— Дилемму? — удивился шевалье. — Какая дилемма может заботить человека, только что избежавшего эшафота?
— Видите ли, как человек воспитанный, я обязан благодарностью Вальдштейну. Но могу ли я быть обязанным ему благодарностью, если питаю относительно него замыслы исключительно враждебные? Это все, что я могу вам открыть, шевалье, но поймите — нравственная ситуация у меня поистине весьма запутана.
— Чтобы успокоить вас, достаточно двух словечек, — возразил де ля Прэри.
— И это?..
— Панта рэй.
— Ну хорошо, вы, значит, так же как и я, — папский агент.
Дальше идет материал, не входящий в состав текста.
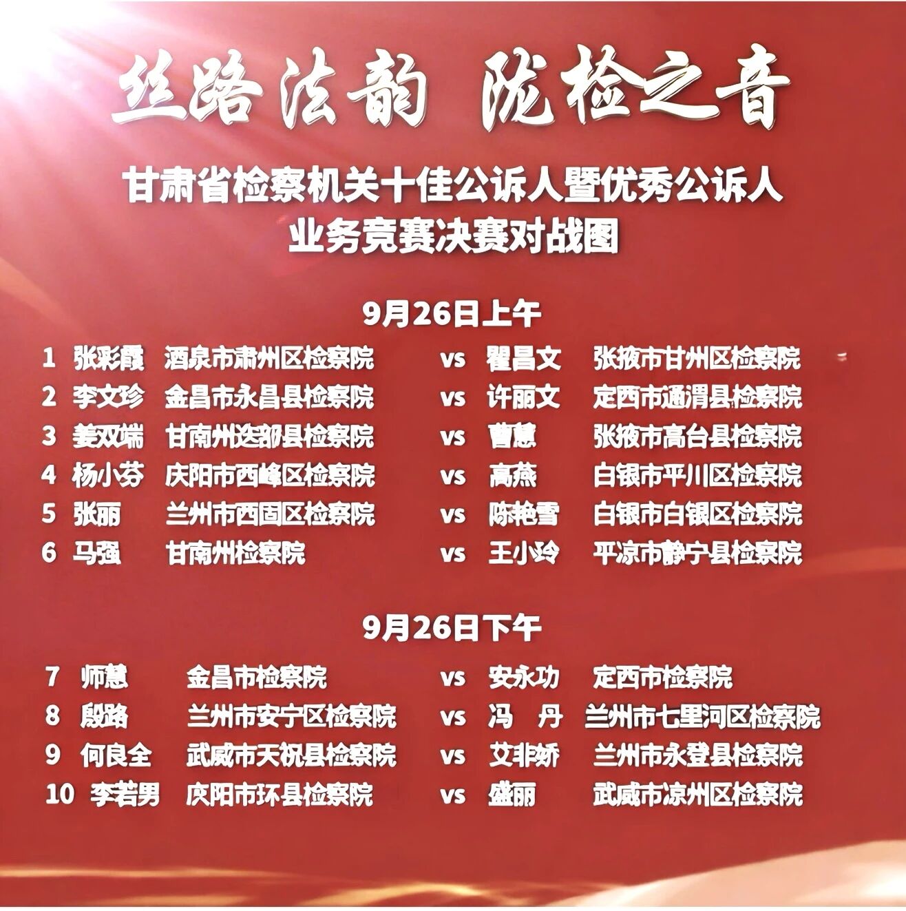 9月25日,“丝路法韵 陇检之音”2025年甘肃省检察机关十佳公诉人暨优秀公诉人业务竞赛、第四届全省检察机关未成年人检察业务竞赛进入第四个比赛日,赛事采用“刑事检察论辩+未成年人检察宣讲”双赛道进行,未成年人检察法治宣讲情理交融、润物无声,刑事检察论辩赛场唇枪舌剑、精彩绝伦,两大舞台共同呈现出新时代陇检干警刚柔并济、文武兼修的良好局面。

Принимаю это известие с удовольствием, но не более того. В моем щекотливом положении оно ничего не меняет.
— Позвольте с вами не согласиться, — отозвался шевалье. — Его Святейшество пожелали передать вам через меня, что вам нет более надобности утруждать себя, а следует вернуться в Рим, где для вас есть иные, более серьезные задачи. Ибо Вальдштейн мертв.
— Мертв?! — вскричал Петр.
Шевалье де ля Прэри усмехнулся.
— Не в прямом смысле слова. Мы, французы, довольно легко обращаемся со словом mort; для нас всякий, кому перестала улыбаться фортуна, кто, к примеру, впал в немилость у сильных мира сего, кто утратил имущество, сан, честь и так далее, — все равно что мертв. Ну, а у Вальдштейна хворобы бросились на мозг, и он поражен слабоумием; вот я и называю его мертвецом. Нынешний Вальдштейн еще способен повесить курьера или пригрозить сровнять с землей Кемптен, если у господина Пьера де Кукана упадет хоть волос с головы, — равным образом он может расправиться с тем же Пьером де Куканом, если б какой-нибудь доброжелатель перенес ему, как этот Пьер де Кукан о нем отзывается, — но это и все. О том же, чтоб он был способен на крупную акцию, которой вы должны были помешать, — в чем дело, я не знаю, но, судя по тому, что для этого избраны именно вы, акция эта должна была быть чем-то в высшей степени поразительным, — так вот, об этом, по мнению Его Святейшества, не может быть и речи. Поэтому вам надлежит вернуться к ногам папы. Мне жаль, что мы должны расстаться, едва встретившись, но что поделаешь: нелегко жить в историческую эпоху. Тем не менее полагаю, вы отдохнете денька два в Меммингене перед дорогой. Вальдштейн так и горит нетерпением повидать вас.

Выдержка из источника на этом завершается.